> [Problem description]:
In the entries below, find the line with "TradingView's overall Bitcoin" and the line with "Experience luxury and". Return those two lines and all lines between them, exactly.

> [Source data]:

____________

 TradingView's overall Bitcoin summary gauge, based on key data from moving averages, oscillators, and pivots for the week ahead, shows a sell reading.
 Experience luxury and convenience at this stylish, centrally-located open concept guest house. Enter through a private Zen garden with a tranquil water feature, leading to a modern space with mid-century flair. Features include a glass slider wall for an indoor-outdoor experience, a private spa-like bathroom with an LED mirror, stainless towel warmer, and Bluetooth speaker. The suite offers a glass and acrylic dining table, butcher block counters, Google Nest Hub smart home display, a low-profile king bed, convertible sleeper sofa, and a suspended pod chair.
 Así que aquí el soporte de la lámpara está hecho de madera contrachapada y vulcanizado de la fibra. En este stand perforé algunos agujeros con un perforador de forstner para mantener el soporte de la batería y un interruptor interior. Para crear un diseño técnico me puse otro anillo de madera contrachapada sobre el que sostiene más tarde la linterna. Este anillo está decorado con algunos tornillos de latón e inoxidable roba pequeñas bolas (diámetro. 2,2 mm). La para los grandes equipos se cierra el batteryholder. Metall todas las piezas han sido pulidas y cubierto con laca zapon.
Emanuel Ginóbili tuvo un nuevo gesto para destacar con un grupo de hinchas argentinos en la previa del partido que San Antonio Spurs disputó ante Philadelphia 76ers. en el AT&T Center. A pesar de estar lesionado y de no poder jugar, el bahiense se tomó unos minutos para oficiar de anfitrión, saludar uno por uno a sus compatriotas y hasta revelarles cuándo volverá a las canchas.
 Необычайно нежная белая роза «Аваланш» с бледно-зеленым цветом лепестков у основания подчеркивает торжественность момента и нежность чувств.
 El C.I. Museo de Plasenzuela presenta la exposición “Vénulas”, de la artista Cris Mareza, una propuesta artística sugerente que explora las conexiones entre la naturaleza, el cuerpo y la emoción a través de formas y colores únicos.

____________

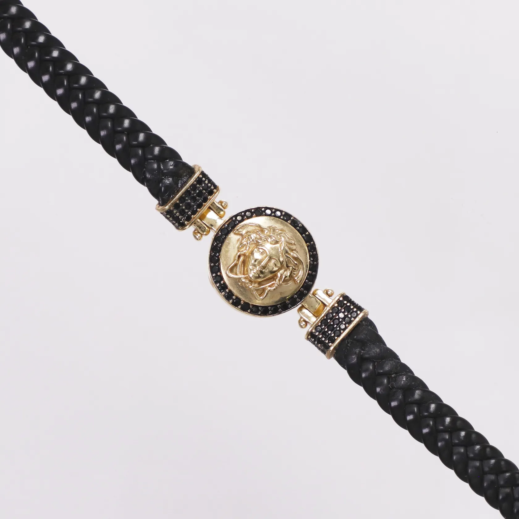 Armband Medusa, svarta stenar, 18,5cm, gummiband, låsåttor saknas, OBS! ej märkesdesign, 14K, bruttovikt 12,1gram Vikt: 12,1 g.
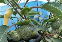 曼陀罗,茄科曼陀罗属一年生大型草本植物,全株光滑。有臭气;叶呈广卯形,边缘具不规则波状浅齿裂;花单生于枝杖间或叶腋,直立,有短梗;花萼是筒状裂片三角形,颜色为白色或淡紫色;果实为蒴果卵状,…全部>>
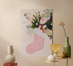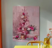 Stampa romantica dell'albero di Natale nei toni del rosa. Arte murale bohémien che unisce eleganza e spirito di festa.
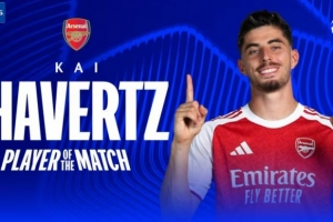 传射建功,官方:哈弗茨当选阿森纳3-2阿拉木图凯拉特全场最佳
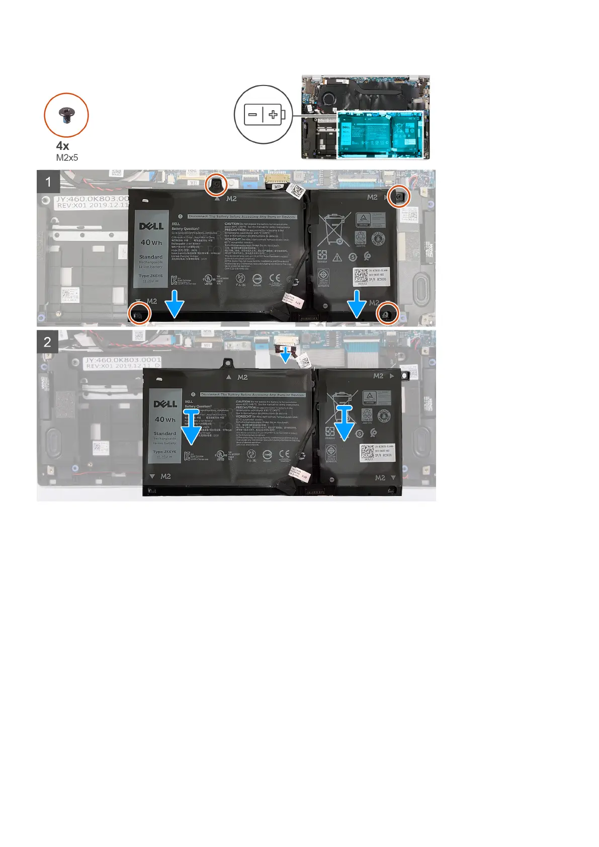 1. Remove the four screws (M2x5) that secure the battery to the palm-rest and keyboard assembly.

____________

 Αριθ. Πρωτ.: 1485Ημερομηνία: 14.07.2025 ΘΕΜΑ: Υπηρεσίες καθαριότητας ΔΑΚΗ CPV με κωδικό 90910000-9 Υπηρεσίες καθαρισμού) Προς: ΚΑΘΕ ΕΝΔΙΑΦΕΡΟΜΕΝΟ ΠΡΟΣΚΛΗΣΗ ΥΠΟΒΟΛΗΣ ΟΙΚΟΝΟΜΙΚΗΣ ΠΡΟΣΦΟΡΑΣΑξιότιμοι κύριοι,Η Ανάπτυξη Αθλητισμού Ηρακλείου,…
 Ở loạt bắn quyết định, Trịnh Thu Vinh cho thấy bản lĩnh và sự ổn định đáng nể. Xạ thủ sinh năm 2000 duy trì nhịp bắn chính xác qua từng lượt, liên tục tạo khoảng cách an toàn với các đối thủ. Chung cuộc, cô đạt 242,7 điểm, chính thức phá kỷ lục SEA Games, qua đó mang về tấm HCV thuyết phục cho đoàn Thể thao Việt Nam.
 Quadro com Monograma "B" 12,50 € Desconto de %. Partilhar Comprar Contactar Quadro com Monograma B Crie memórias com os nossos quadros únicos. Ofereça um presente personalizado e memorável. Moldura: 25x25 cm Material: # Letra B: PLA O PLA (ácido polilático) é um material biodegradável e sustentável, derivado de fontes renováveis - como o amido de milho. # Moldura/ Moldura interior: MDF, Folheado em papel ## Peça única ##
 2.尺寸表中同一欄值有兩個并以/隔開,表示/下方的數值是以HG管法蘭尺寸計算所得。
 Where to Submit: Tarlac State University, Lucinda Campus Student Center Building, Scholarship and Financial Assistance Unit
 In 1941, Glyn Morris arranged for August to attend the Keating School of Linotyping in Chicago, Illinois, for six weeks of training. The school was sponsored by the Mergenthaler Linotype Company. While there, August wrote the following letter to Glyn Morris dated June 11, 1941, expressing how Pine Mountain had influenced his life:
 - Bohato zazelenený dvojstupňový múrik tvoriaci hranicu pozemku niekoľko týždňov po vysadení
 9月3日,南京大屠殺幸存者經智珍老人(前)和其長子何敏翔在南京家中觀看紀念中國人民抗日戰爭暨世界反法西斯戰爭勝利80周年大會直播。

____________

> [Task output]:
 TradingView's overall Bitcoin summary gauge, based on key data from moving averages, oscillators, and pivots for the week ahead, shows a sell reading.
 Experience luxury and convenience at this stylish, centrally-located open concept guest house. Enter through a private Zen garden with a tranquil water feature, leading to a modern space with mid-century flair. Features include a glass slider wall for an indoor-outdoor experience, a private spa-like bathroom with an LED mirror, stainless towel warmer, and Bluetooth speaker. The suite offers a glass and acrylic dining table, butcher block counters, Google Nest Hub smart home display, a low-profile king bed, convertible sleeper sofa, and a suspended pod chair.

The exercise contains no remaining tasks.